Showing posts with label food. Show all posts
Showing posts with label food. Show all posts

Wednesday, December 19, 2007

Sweet Potato Biscuits


My original idea was to make sweet potato muffins, but I had a bit of buttermilk left over from last week, so I thought this would be a good way to use it up. I also forgot to soften the butter before I headed to work in the morning, so it worked out pretty well. They turned out great, although next time I might use pastry flour for a hopefully lighter effect. These could go sweet or savory, I think, though we embraced their sweetness with black locust honey and a little zesty orange butter (clementine butter, actually.) We had this with braised mustard greens and sausage. Awesome weeknight dinner.

½ lb. sweet potatoes
2 tbs. light brown sugar
½ cup cold unsalted butter
2 cups all-purpose flour
1 tbs. baking powder
1 tsp. salt
½ tsp. baking soda
¾ cup buttermilk

Peel and chop sweet potatoes. Steam until soft, about 15 minutes, and mash with a fork or whatever you have around. You could also probably roast them whole and scoop out the flesh, but I think that would take too long. Pre-heat oven to 425 degrees. Combine flour, baking powder & salt in a large bowl. In another bowl, mix the sweet potato, brown sugar and butter. Beat at a low speed until fluffy. Dissolve baking soda in buttermilk. Stir buttermilk & sweet potato mixture alternately into dry ingredients. Roll dough 1" thick. Cut with floured 2" round cutter. Bake on a cookie sheet or cake pan for 15-20 minutes.
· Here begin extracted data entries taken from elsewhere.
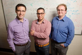 | Inspired by the principles of natural polymer synthesis, Illinois chemical and biomolecular engineering professor Charles Sing, left, and graduate students Jason Madinya and Tyler Lytle co-authored a study that found they could create new synthetic materials by tuning the electrostatic charge of polymer chains. CREDIT Photo by L. Brian Stauffer |
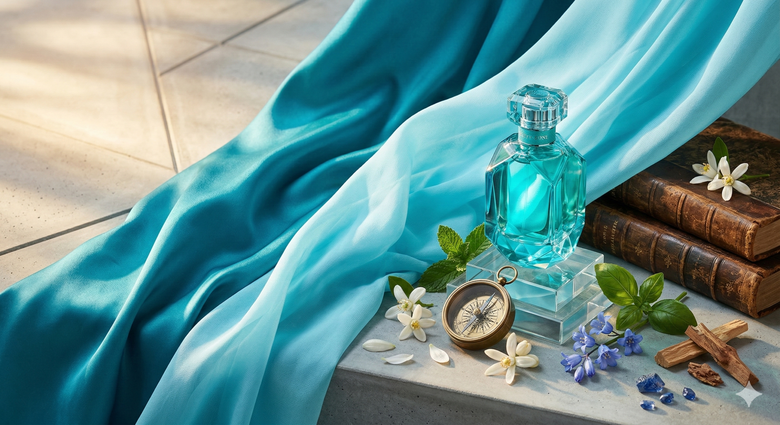 香水においても、ボトルのブルーグリーンは「エッジの効いたエレガンス」そのものです。深みのあるパチュリの陰影、透明感のあるマリンの輝き、あるいは高貴なフローラルの余韻。これらが組み合わさることで、ブルーグリーン特有の「ミステリアスで洗練されたオーラ」が形作られるのです。
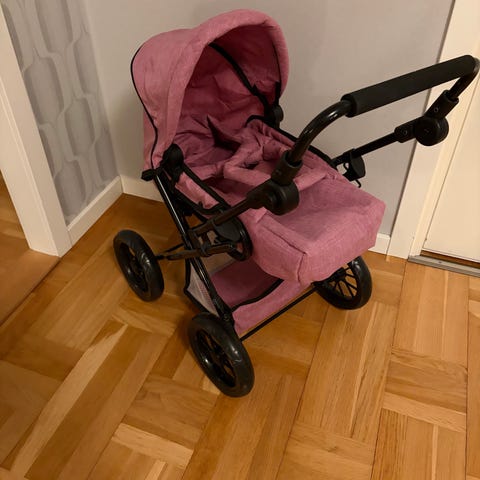 BRIO dockvagn i klassisk modell. Vagnen har tyg med färgglada prickar och svart chassi med fyra dubbelhjul. Justerbart handtag och sufflett som kan fällas. Passar för dockor och gosedjur vid lek inomhus och utomhus.
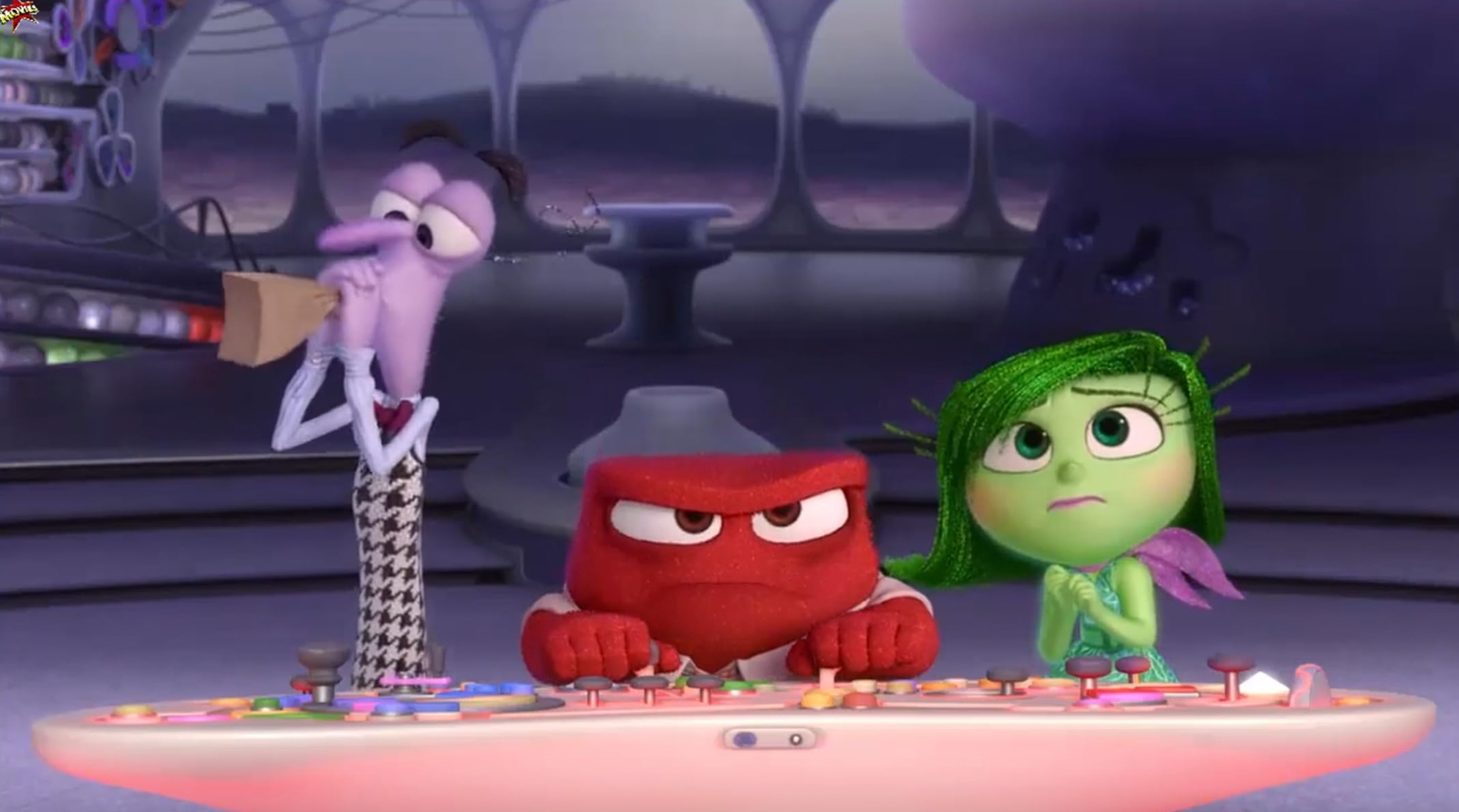 Adentro (2015) es una película de animación sobre una chica llamada Riley y sus emociones. – Joy, miedo, ira, asco y tristeza. En las películas de Riley y su familia, se mudó de Mid oeste a San Francisco.

Thursday, November 29, 2007

Full disclosure

Here is my humble attempt to integrate the two things I think about most during my day.

Across history and cultures, women have had a contentious relationship with food and appetite, on the one hand, and body image, eating, and sexuality, on the other. Women, through the everyday routines of family meals, are often the transmitters of cultural codes pertaining to food and eating. Arguing for the centrality of women and food in industrialized societies sometimes poses a problem for feminist analysts who see the dangers in essentializing women and overstressing their nurturing capacities.

Another fundamental narrative in feminist history is that of women’s struggle to gain the right to pleasure. While earlier periods in our culture demonized women’s sexuality (and some elements in our culture certainly continue to do so…) a healthy percentage of American society, at least, has become reluctant to use moral terms to describe sexual behavior. But today, we demonize women’s appetite for food using the same language our forebears used for sex: “sinful”, “decadent”, “bad.” We have stopped condemning one essential human activity and begun to attack another.

Despite all these heady issues, I don’t intend to trace the cultural history of women’s shame in America, particularly in regards to sexual pleasure, food, and other “selfish” desires. I also don’t intend to dissect the division of labor or gendering of domestic food preparation or examine how the other “F” word (I mean “farming”- get your head out of the gutter!) plays into the discussion. This would all be good fodder for a dissertation, maybe, but not for a blog. Not this blog, anyway.

I hope to draw some connections, but mostly give a sounding board for issues that I often deal with at work, at home and in life as I try to balance the world I live in with the world I’m working to create. The food element will be mostly pretty pictures and recipes because that’s how I deal with the sometimes necessary outrage of confronting pushed-under-the-rug realities. Enjoy!